After nearly two hours, the blue-and-yellow Ukrainian flag that had covered Kyrylo’s casket throughout the day was folded and given to Vyshyvana by a Ukrainian army officer.
“Accept this flag as a symbol of the state that your son served faithfully to the end,” the officer told Vyshyvana, who was too distraught to accept it and deferred to a family member.
It took a 10-man rotation 20 excruciating minutes to fill Kyrylo’s grave with dirt. Vyshyvana wept uncontrollably the entire time and at one point collapsed to her knees and tumbled onto the grave of Vasyl. “Why, God? Trade me for them! Please take me!” she hurt out.

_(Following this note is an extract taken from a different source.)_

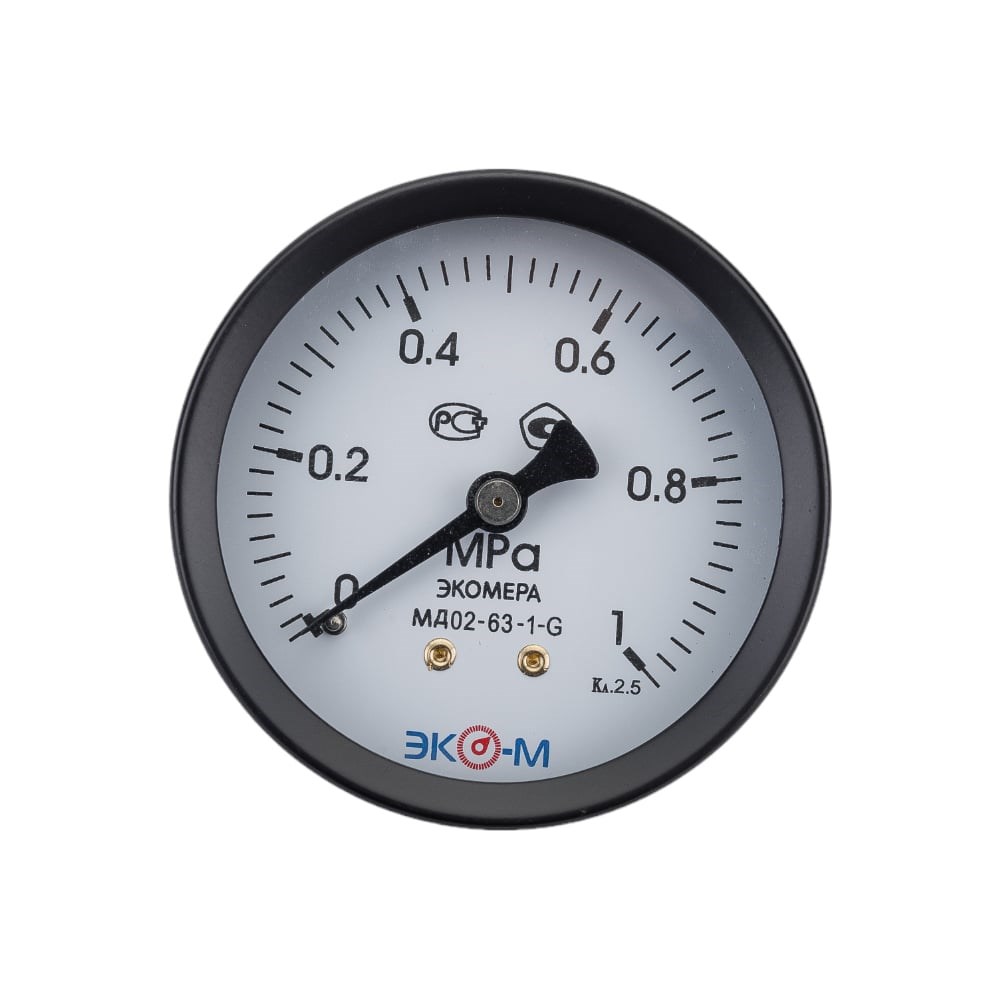 Манометр ЭКО-М Экомера МД02-63мм 0..1,0МПа G1\4 Осевой МД02-63-G-1МПа-ОИ предназначен для измерения давления газообразных и жидких, не сильновязких и кристаллизующихся сред, не агрессивных по отношению к медным сплавам (вода, пар, газ) или вакуума. Межповерочный интервал 2 года.

“We are so proud of you boys. The country is so proud of you,” she repeated until she was out of breath and the words faded into a chilling whisper.
Beside her, wearing a black head wrap, was Mariana Lopushanska, the girlfriend of Vasyl. Overwhelmed with emotion, she fainted and fell at the foot of his grave.

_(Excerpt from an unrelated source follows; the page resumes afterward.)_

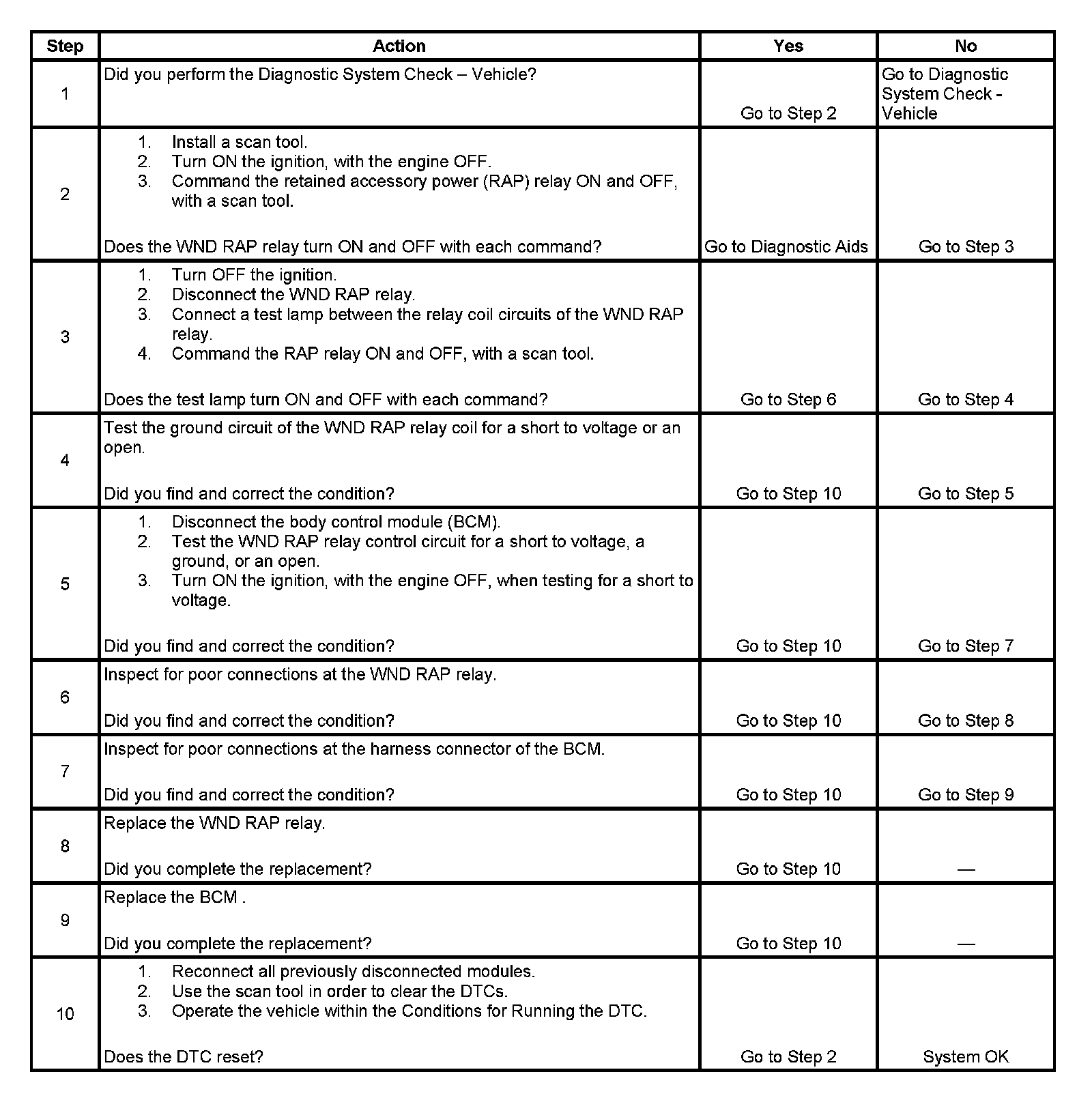 - The BCM detects a short to battery or an open in the WND RAP relay control circuit when the WND RAP relay is not energized.

“God takes the very best ones,” Halyna, a neighbor, said of the Vyshyvaniy boys.
Vasyl loved playing soccer and was on the local team when he was younger, Josef said. Vasyl joined the military in 2014 and fought in eastern Ukraine, he said. Kyrylo, 35, supported the decision, and in 2017 he also joined the armed forces.
“We grew up together. We were a very close family. He wasn’t just my brother. He was my friend as much as he was my brother,” Kyrylo told the New York Times after Vasyl’s funeral.
Natalia Bodnar, their older sister, told BuzzFeed News that she had helped raise her brothers and said the boys used to joke and laugh together. Bodnar said she had spoken with Kyrylo for the last time on Saturday. She said he was worried about their mother and her health. After Vasyl’s death, she was briefly hospitalized.
Kyrylo died the next morning, just before sunrise. He was one of 35 people killed in the attack on Yavoriv; 134 more were injured.
Capt. Roman Bilyakovskiy told BuzzFeed News at Kyrylo’s funeral that he had last seen his friend inside a building at the training center as the attack unfolded. He said Kyrylo told him to run and seek safety while he stayed behind to help others. Moments later, the building took a direct missile hit and Kyrylo was buried under the rubble, Bilyakovskiy said. It would take the rest of the day to dig out his body.
Kyrylo is survived by his wife and infant daughter.
Bodnar said Kyrylo was solemn the last time they spoke and he told her matter-of-factly that he believed he would soon join Vasyl in the afterlife.
“He told me, ‘You can bury me beside Vasyl,’” she said.